# PROBLEM TO WORK ON
Could you copy exactly the lines below, beginning at the line with "Площадь Маяковского Площадь" and stopping after the line with "Зазвичай навесні жінки", with no pictures?
◇ ◇ ◇ ◇ ◇
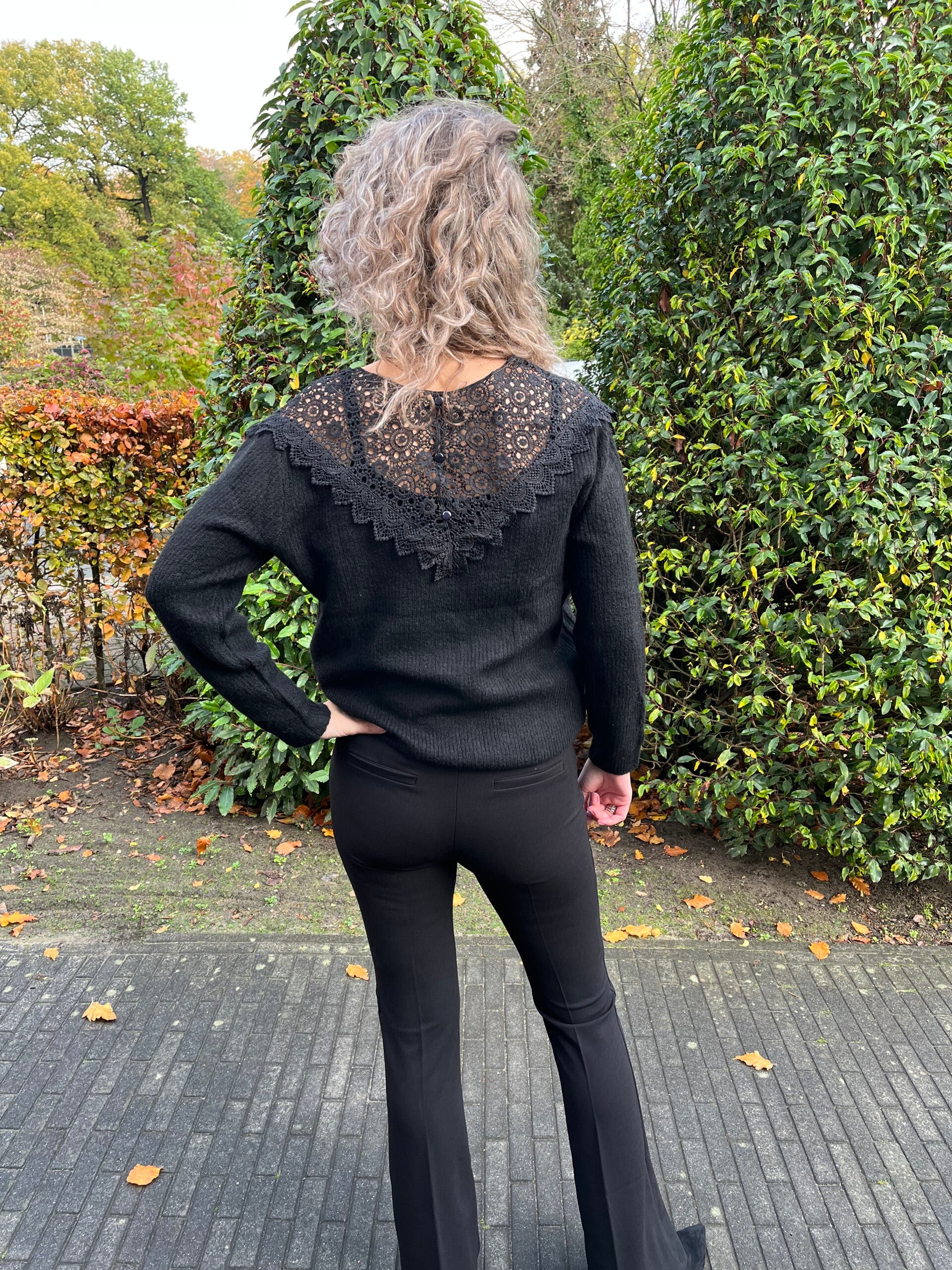 Deze flair broek sluit aan de zijkant met een rits. Er zit goed stretch in de broek en is een hoog model. De broek valt op maat.
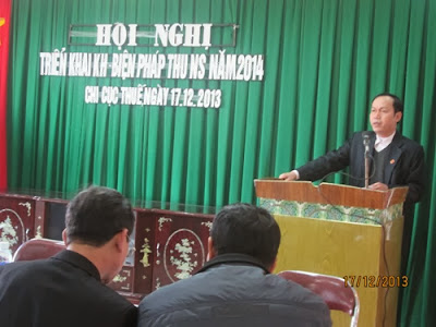 Ông Nguyễn Tiến Sinh- Chi cục trưởng Thuế Hiệp Hòa triển khai kế hoạch thu thuế năm 2014
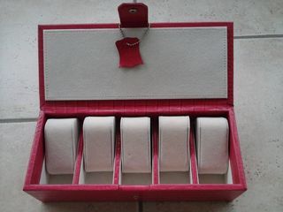 A vendre coffret en cuir doublé suédine pour rangement de montres avec 5 compartiments. Fermeture coffre avec bouton pression. Couleur rose État : bon état avec quelques ér
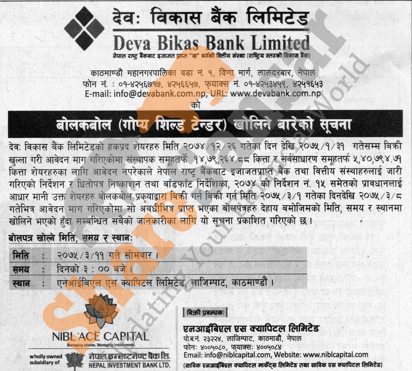 Deva Bikas Bank Limited has published a notice regarding bid opening date of 14,79,264.88 units promoter share and 5,40,794.71 units ordinary share in auction to the general public on (11th Ashad, 2075).
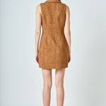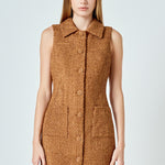 Introducing our stunning Tweed Collared Mini Dress, the perfect blend of sophistication and style. Made from high-quality tweed fabric, this dress boasts a luxurious texture and subtle checked pattern. The classic collar and front buttons add a touch of elegance, while the front pocket adds a functional detail. Perfect for any occasion, this dress is a versatile addition to any wardrobe. Upgrade your style game with our Tweed Collared Mini Dress, a must-have for fashion-forward women.
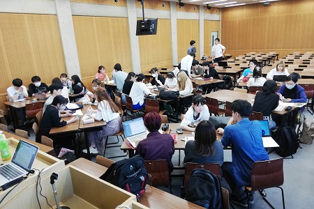 「前期澤柳塾」(注)は、授業時間外(18:00~19:30)の全10回(5月8日~7月10日)のプログラムで、大学1・2年生計36名が参加。企業の課題解決をテーマにした産学連携型のPBL(課題解決型学習)で、講師からのレクチャーや社会人との対話セッションも交えて、8つのグループに分かれてチーム活動を行いました。グループ毎のプレゼンテーション後には企業から講評をいただき、これまでの振り返りやこれからの大学生活への一歩を踏み出すためのアクションプランの作成などを行いました。
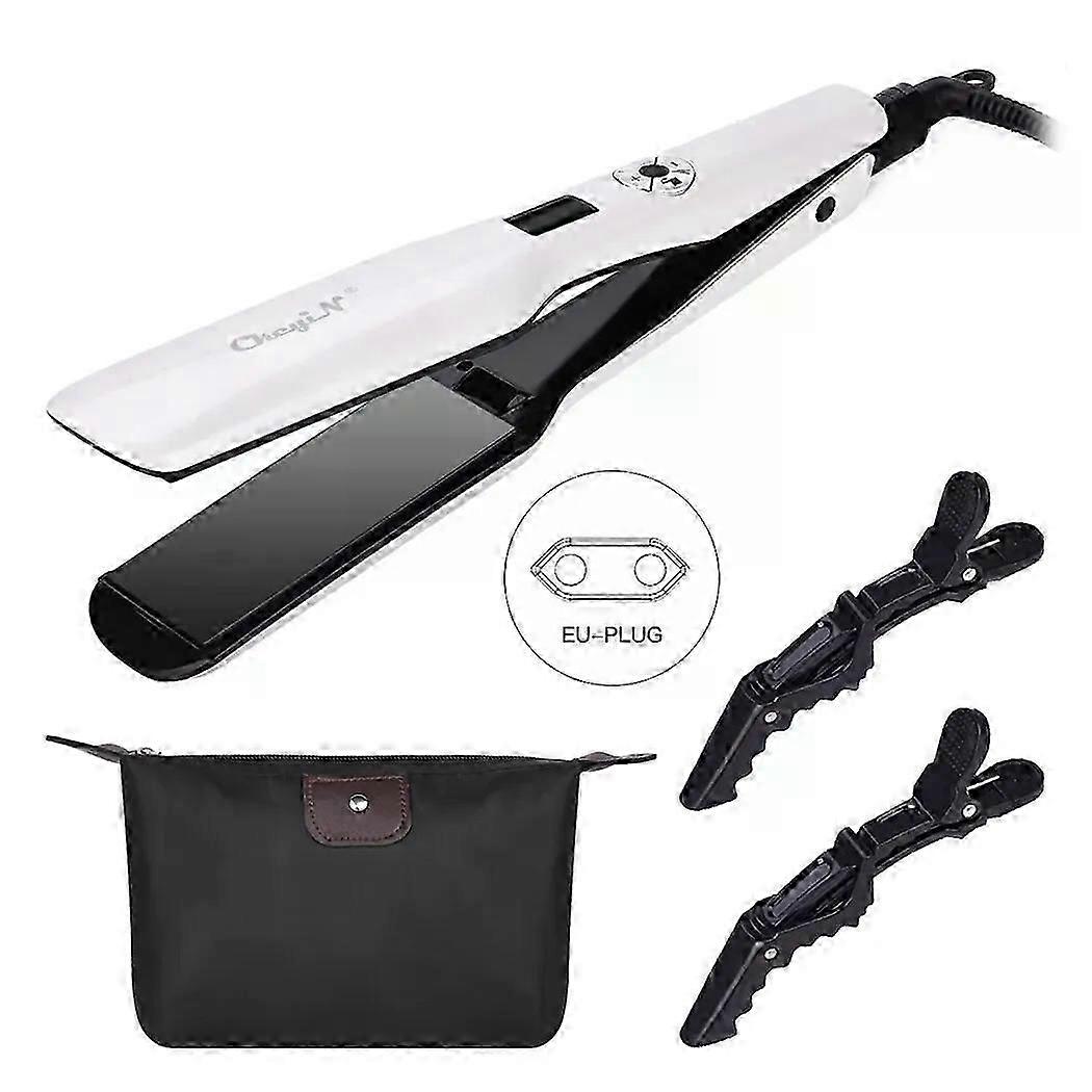 CkeyiN 44mm Tourmaline Ceramic Hair Straightener LCD Display Fast Heating Flat Iron Adjustable Temperature Straightening Iron
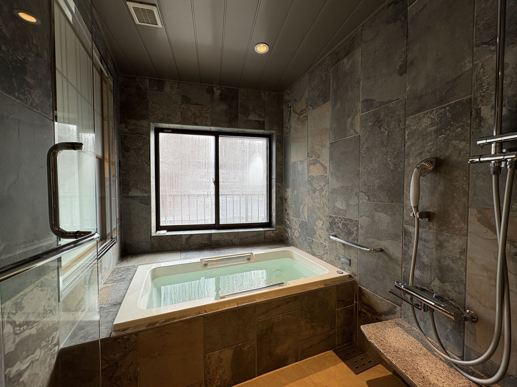 予約したのは、「眺望風呂付 リラックス和洋室」です。お部屋に備え付けのお風呂から景色を眺めながら入る温泉は格別で、日頃の仕事の疲れが吹き飛ぶような贅沢な時間でした。
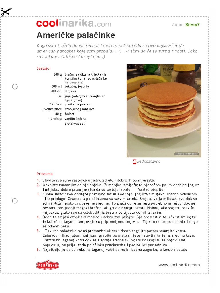 Američke palačinke. U palačinke idu skroz osnovni sastojci a tekući jogurt će im dati lijepu sočnost. Za spremanje poslastice neophodno je pripremiti mleko jogurt ulje šećer brašno prašak za pecivo so jaja. Američke se palačinke od naših razlikuju ponajprije po debljini i veličini. Nadjev ovisi o raspoloženju nekada je to džem nekada ih jedem same a nekada s kolutićima banane i javorovim sirupom lidl ima odličan javorov sirup pristupačne cijene.
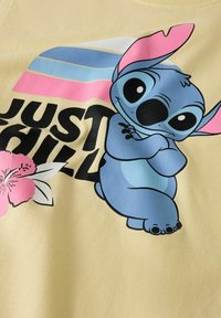 T-shirt jaune à manches courtes avec le personnage de dessin animé bleu Stitch avec des oreilles roses, des fleurs et le texte "JUST CHILL" sous un soleil rayé.
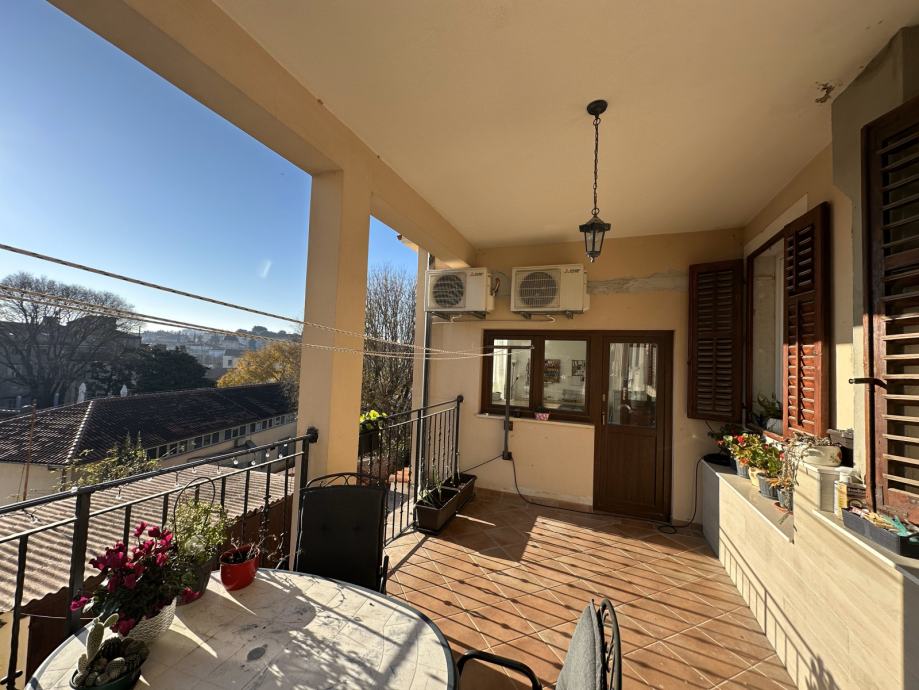 Prekrasan četverosobni stan u centru Pule, 5 min hoda od Pulske arene, 1 minuta hoda do Zlatnih vrata. Stan se nalazi na prvom katu zgrade koja se ukupno sastoji od 3 stana (prizemlje, 1 kat, 2 kat), kompletno je adaptiran i sastoji se od 2 spavaće sobe, blagovaonice ,dnevne sobe, kuhinje, hodnika, loggie (20 m2) i terase. Ukupna površina stana je 88m2. Parking je javni ispred zgrade (omogućen isključivo stanarima), no moguć je i dogovor oko najma ili kupovine garaže ili parkirnog mjesta u dvorištu zgrade. Kako se stan nalazi u jednosmjernoj slijepoj ulici, ista iako je u samom centru Pule, ograničena je prometom što ju čini idealnom kako za obitelji tako i za najam. Lokacija stana kao i sam stan su doista izvanredni, blizina svih kulturnih i pedagoških sadržaja, samo par minuta hoda do restorana i kafića, a opet mirnija i manje prometna ulica u kojoj automobil ili drugo prijevozno sredstvo u obavljanju većine dnevnih obveza nisu potrebni.
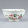 This porcelain bowl from the Qing Dynasty is decorated in the famille rose technique, featuring a meticulously painted peach tree set against a white-glazed ground.
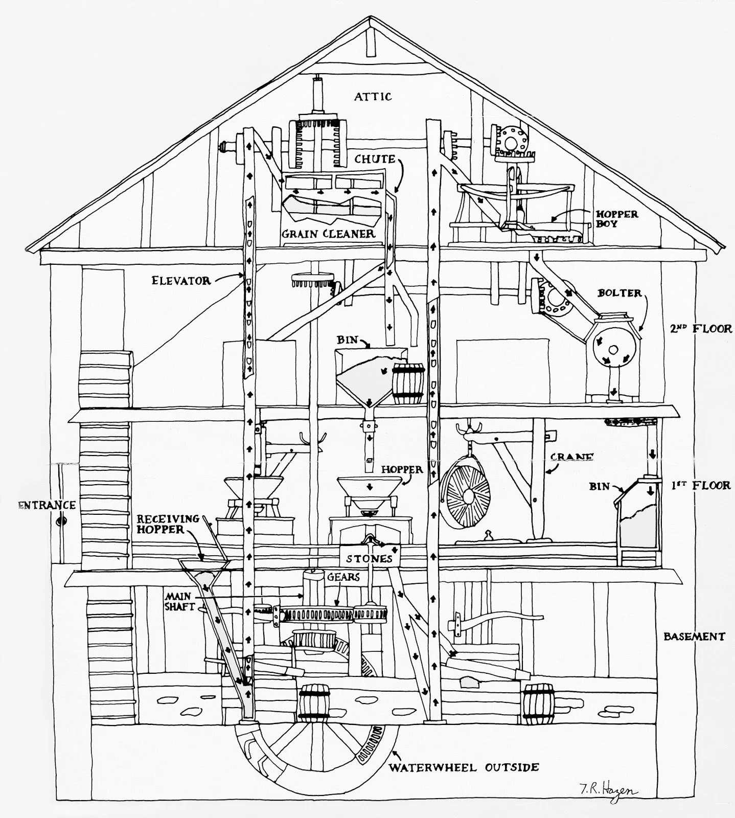 A cross-section showing the Oliver Evans grain processing system at Peirce Mill in Washington DC. Completely powered by the revolving mill wheel, the system cleans and funnels grain to the millstones, then cools and sifts the resulting flour.
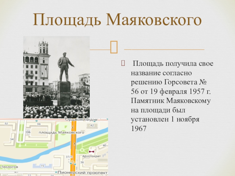 Площадь Маяковского Площадь получила свое название согласно решению Горсовета № 56 от 19 февраля 1957 г. Памятник
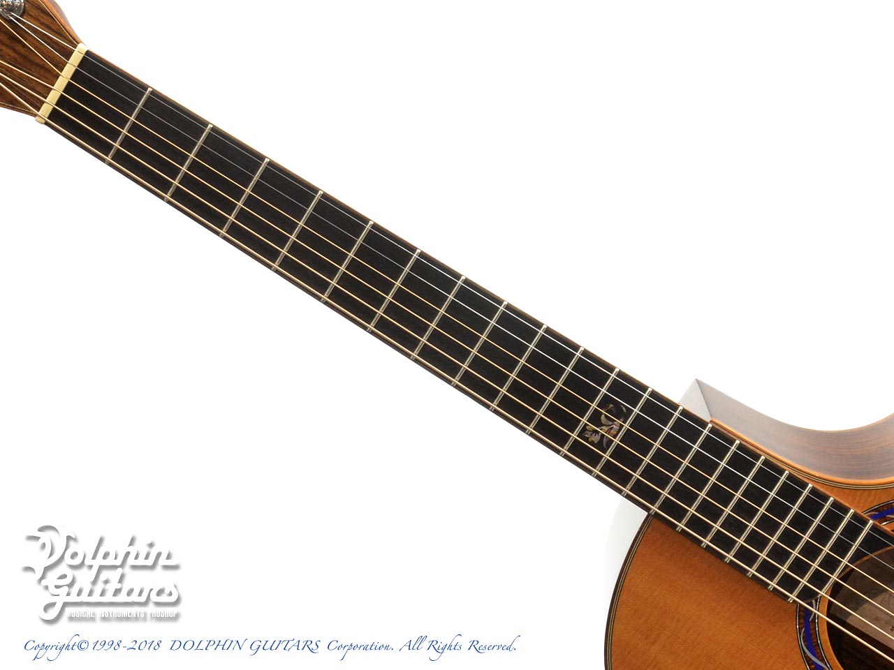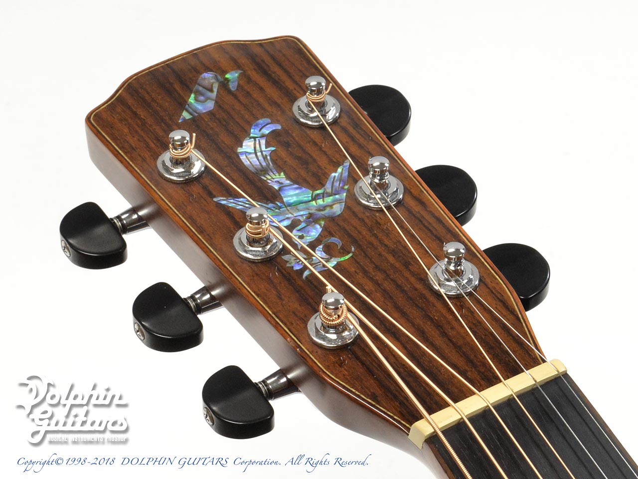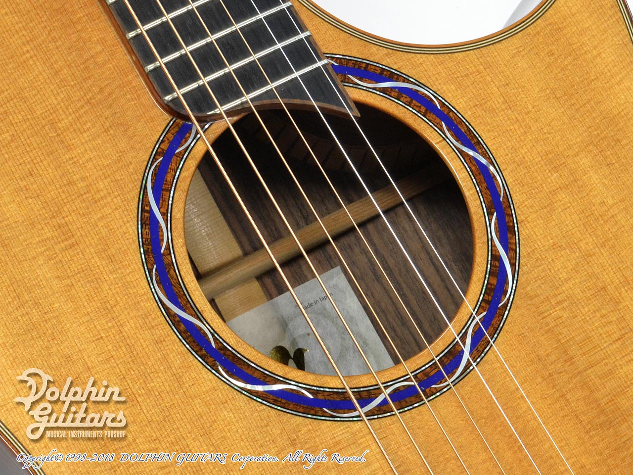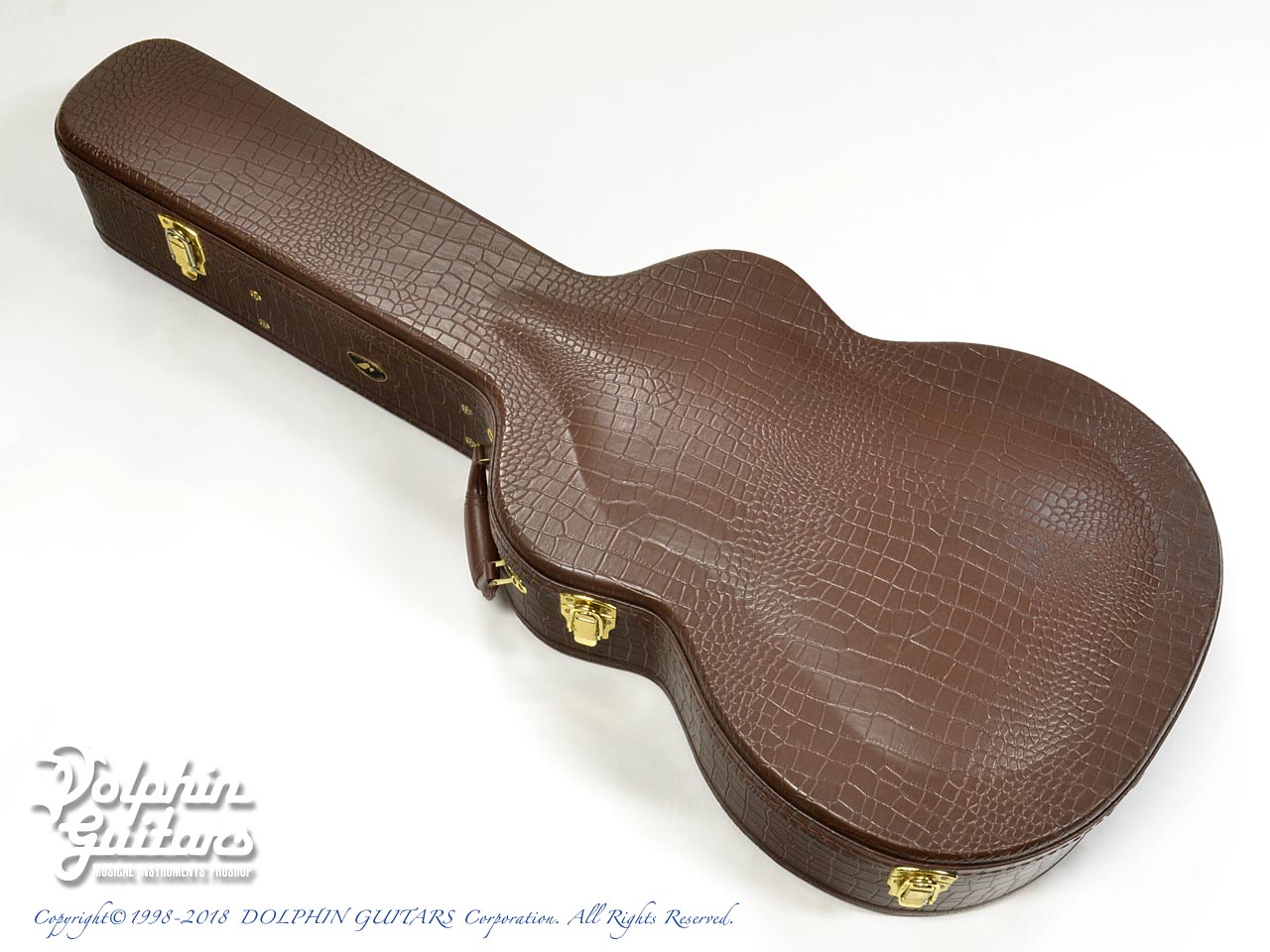 旧モデルと異なるのは、ブレイシング、ヘッド・指板インレイ、付属のケースもワニ皮風の高級ケースとなっています。
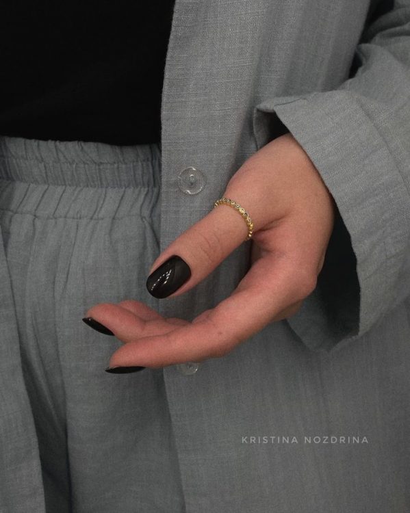 Зазвичай навесні жінки рідко вибирають чорний манікюр. Але, якщо у вас особливий вишуканий смак, який не підкоряється модним трендам, можна покрити нігті в темний тон, наприклад, в чорний, темно-коричневий або бордовий.
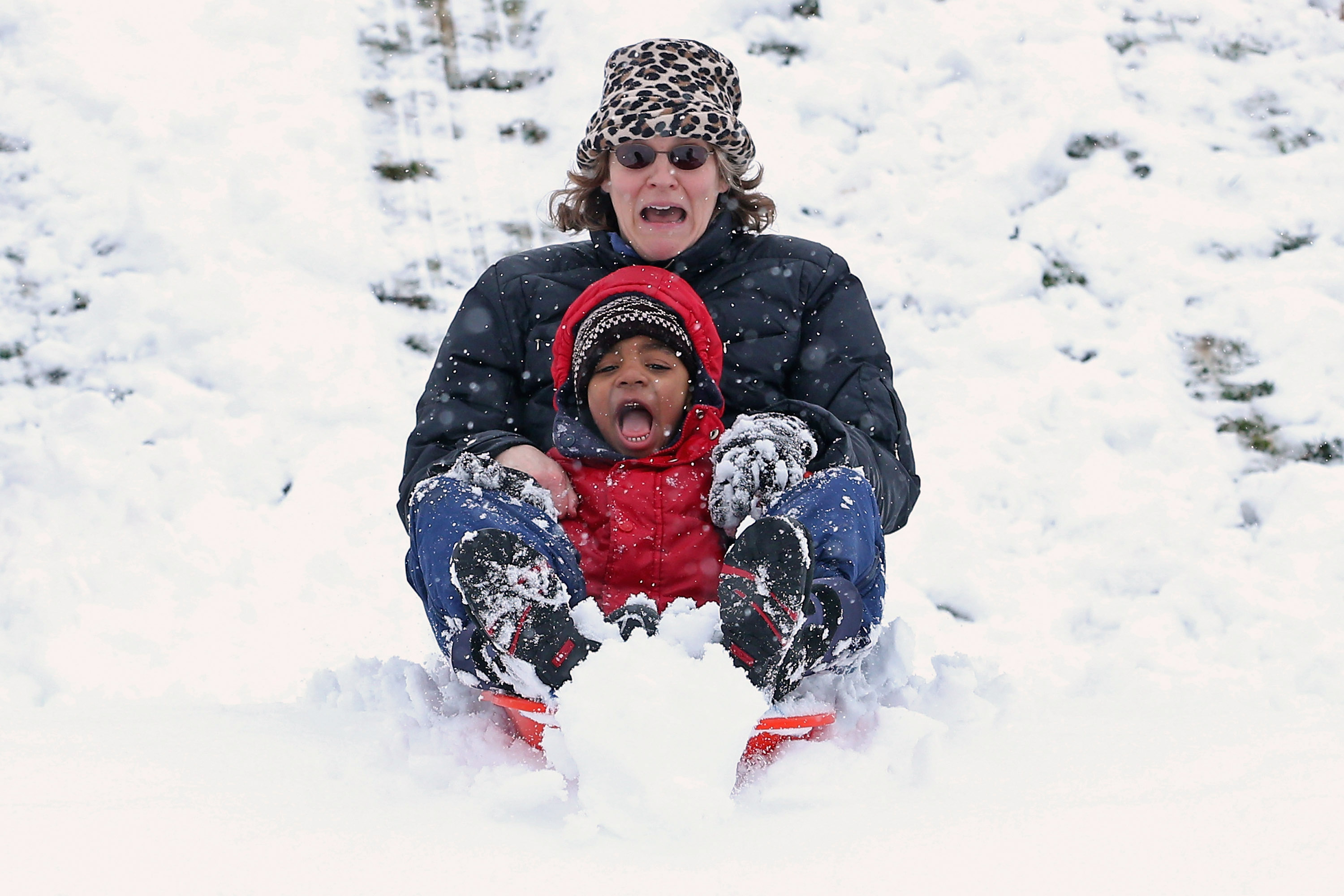 Cathy Eliot of Silver Spring, Maryland, and her son Matthew Haris, 3, sled down a hill at Takoma Park Middle School as a wet and heavy snow falls March 25, 2013. An early-spring snow blanketed parts of the nation’s capital less than a week before the Easter holiday. By Chip Somodevilla/Getty Images.
◇ ◇ ◇ ◇ ◇
# RESPONSE FOR THIS EXERCISE
 Площадь Маяковского Площадь получила свое название согласно решению Горсовета № 56 от 19 февраля 1957 г. Памятник
 旧モデルと異なるのは、ブレイシング、ヘッド・指板インレイ、付属のケースもワニ皮風の高級ケースとなっています。
 Зазвичай навесні жінки рідко вибирають чорний манікюр. Але, якщо у вас особливий вишуканий смак, який не підкоряється модним трендам, можна покрити нігті в темний тон, наприклад, в чорний, темно-коричневий або бордовий.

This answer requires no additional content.